Although armed with skepticism galore, Lisa did contact the mediator recommended by her therapist.  She was surprised by the answers she received.  No, she did not have to give up her legal counsel.  Quite to the contrary, the mediator recommended that clients have their agreements reviewed by attorneys and, if needed, seek legal input during the mediation process.  Moreover, the mediator suggested that if Lisa felt disadvantaged by her lack of financial knowledge, perhaps she and her husband could agree that Lisa would work with a financial planner or accountant during the process to assist with financial analysis and with helping Lisa understand the data.  “Mediation needed to be grounded in data and in understanding the data”, the mediator said.  Lisa might never have her husband’s financial acumen, but she would and could process the data with assistance in order to understand proposals and, of course, the final settlement.  “Most significant of all, it was essential,” the mediator explained, “for Lisa and her husband to shape an agreement that provided for their family’s future and present.”  This shaping needed to be tailored to the family’s standard of living, the family’s present and future needs.  This shaping needed to fit this family, really fit.

And so, Lisa emailed Matt, the following, four-word sentence:  “We need to talk.”  Matt, who had not spoken to Lisa for seven months, responded immediately.”  You name the time and place.” 

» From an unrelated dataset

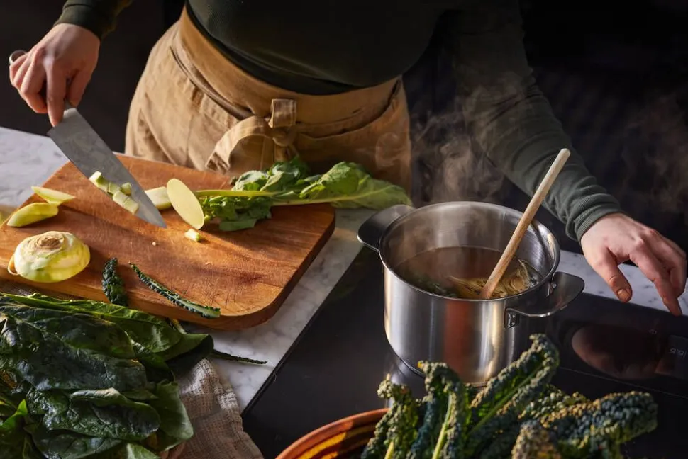 | Paksu, kolmikerroksinen pohja kuumenee tasaisesti |

This story does not have a happy ending, in the sense of they lived happily ever after together.  But it does have an ending that prevented the future deterioration of this family.  Matt and Lisa did not fire their attorneys.  They held them at bay to be used for input and review. Lisa hired, with Matt’s approval, a financial planner to help her process the data and to run calculations based on proposals generated in mediation.  Matt and Lisa worked together to identify and understand each other’s needs and to structure an agreement that each one felt was equitable and workable.  The process was by no means easy.  Learning and thinking and analyzing are tough work.  The end result was, however, intellectually and emotionally satisfying to both parties.

High net worth couples like Matt and Lisa are not alone in their selection of combat as the route of choice when seeking divorce.  Often these couples believe it is the only route.  They believe that the size of their estate forces them to secure “big guns.”  Yet these are the very couples that have the ability to “think through” an agreement and the wherewithal to recognize that ultimately there is a way for everyone in the family to be okay.  It is these couples that often view mediation the most positively, even if they do not choose the route until they have spent years and hundreds of thousands of dollars in legal combat.  It is these couples that leave mediation proud of their ability to take charge of their divorce and their lives.  In this sense there is a happily ever after post-divorce family.